The Ivy Bridge Core: I Think I Know You
Intel purposely carries over a lot of the technology it introduced with Sandy Bridge, allowing the company to focus more intently on a smoother transition from 32 to 22 nm manufacturing. Thus, the capabilities of an Ivy Bridge-based IA core are very much similar to the prior generation.
Each core still hosts 32 KB of L1 data and L1 instruction cache, along with a 256 KB L2 cache. Moreover, quad-core models like the Core i7-3770K share up to 8 MB of last-level cache. Latencies appear very similar, indicating comparable cache bandwidth as Sandy Bridge.
Intel claims it made subtle adjustments to the IA cores, however, that improve performance in certain situations. Company representatives didn’t go into much detail about core architecture improvements at last year’s IDF, mentioning only that there are about half a dozen features in the core and another six or so more in the memory controller/cache that accelerate IA workloads. Fortunately, it’s easy enough for us to run a handful of single-threaded tests with Turbo Boost disabled to see how Core i7-3770K compares to Core i7-2700K, both operating at 3.5 GHz.

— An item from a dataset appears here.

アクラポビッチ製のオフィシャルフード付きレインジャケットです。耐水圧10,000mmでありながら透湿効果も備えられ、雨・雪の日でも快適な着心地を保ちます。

Ivy Bridge takes about three seconds off of our Lame, iTunes, and PDF creation metrics. That’s decidedly less impressive than what Sandy Bridge did compared to Nehalem—but again, it’s a result we expected.
The bottom line for enthusiasts is that Ivy Bridge’s IPC-oriented improvements alone are not compelling enough to warrant an upgrade from Sandy Bridge chips running at similar frequencies.

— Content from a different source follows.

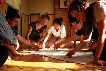 Danach tauchen wir tief in die Szenenarbeit ein. In zwei Gruppen besuchen wir verschiedene Fabriken in der Stadt und konzipieren am Standort neue Szenen, aufbauend auf dem Material, das wir bisher gesammelt haben. Heraus kommen dabei unter anderem ein Klangbild, das aus den Tönen der Fabrik besteht und ein Monolog aus der Sicht einer fiktiven Fabrikarbeiterin. Die Hitze (Temperaturen deutlich über 30 Grad waren in der Woche keine Seltenheit!) treibt uns aber schnell wieder in die kühle Schule. Unsere Arbeit ist aber noch nicht vorbei, wir beschäftigen uns noch mit einigen historischen Dokumenten und versuchen, das Thema „Einsamkeit“ in Texten festzuhalten.

Intel does incorporate a pair of security-oriented features that software developers will be able to exploit moving forward: a Digital Random Number Generator instruction and Supervisor Mode Execution Protection.
Designed to be standards-compliant, the DRNG’s purpose is to provide a high-quality and high-performance source of entropy—the measure of a cryptographic key’s unpredictability. As a result, an application can exploit the DRNG, and get reliably good random numbers at up to 2-3 Gb/s. Intel makes the instruction available to operating system- and user-level code at all privilege levels.
The other new feature, abbreviated SMEP, attempts to thwart escalation of privilege attacks that seek access to resources normally protected from a less privileged ring. Simply, it prevents the execution of supervisor mode code in user-mode memory pages.